**Required work:** After locating the line that bears "NOC Executive Secretary", restate word for word that line and the rest of the listing to its final line, excluding all pictures.

** Given information follows **

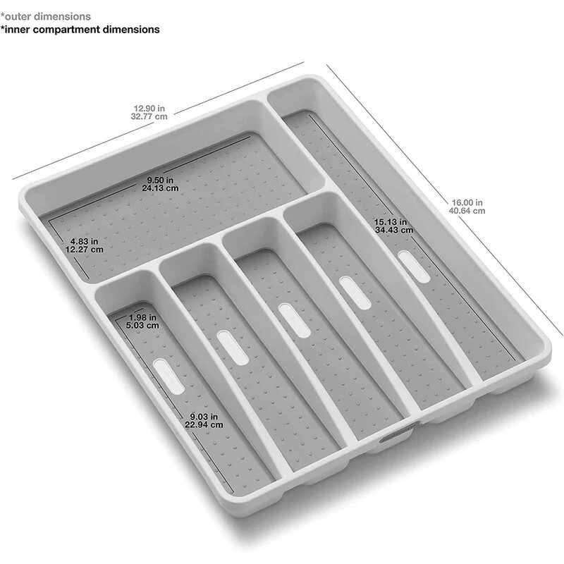 Classic Large Silverware Tray, 6-Compart,Soft-Grip Lining-Rubber Feet
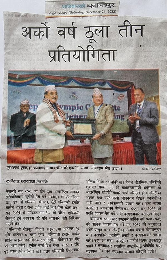 NOC Executive Secretary Sujanlal Shrestha also briefed the gathering about the upcoming international programme in 2023, with the major focus being on the 19th Asian Games in Hangzhou, China from September 23 to October 8.
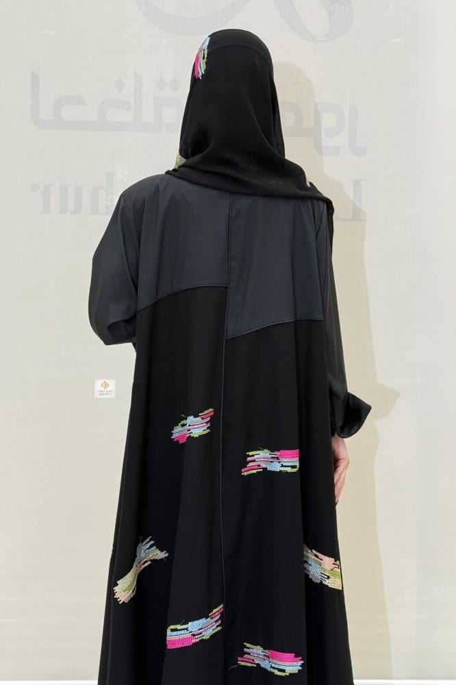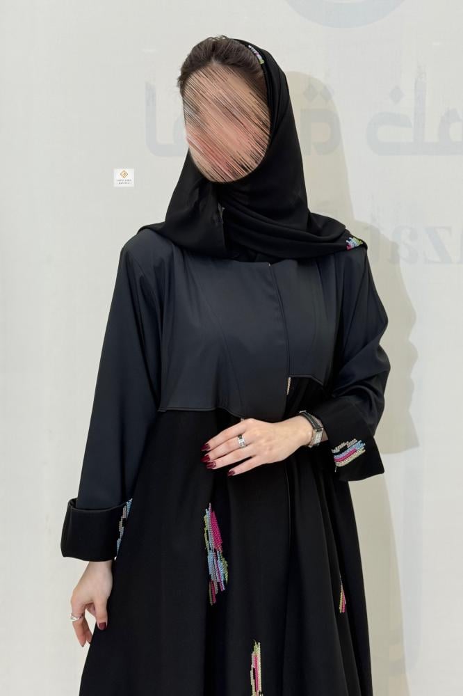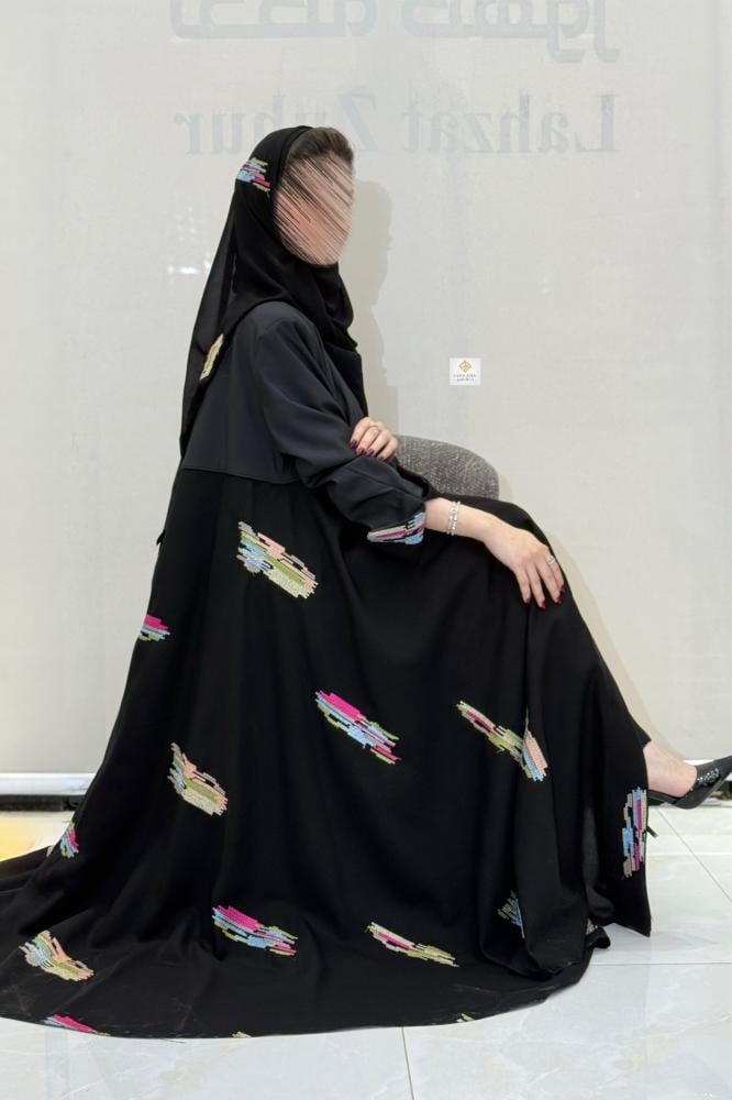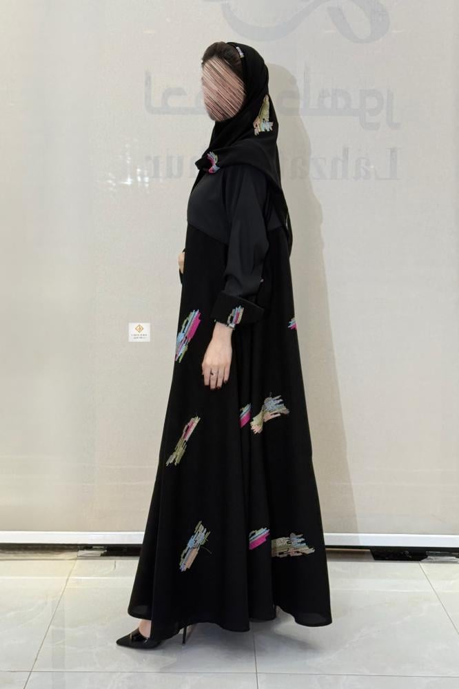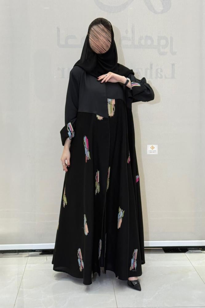 عبايه حنين كلوش كامل بقماش كريب الابداع مع طرحه مطرزه

** End of Given information **

**Written response:**
 NOC Executive Secretary Sujanlal Shrestha also briefed the gathering about the upcoming international programme in 2023, with the major focus being on the 19th Asian Games in Hangzhou, China from September 23 to October 8.
 عبايه حنين كلوش كامل بقماش كريب الابداع مع طرحه مطرزه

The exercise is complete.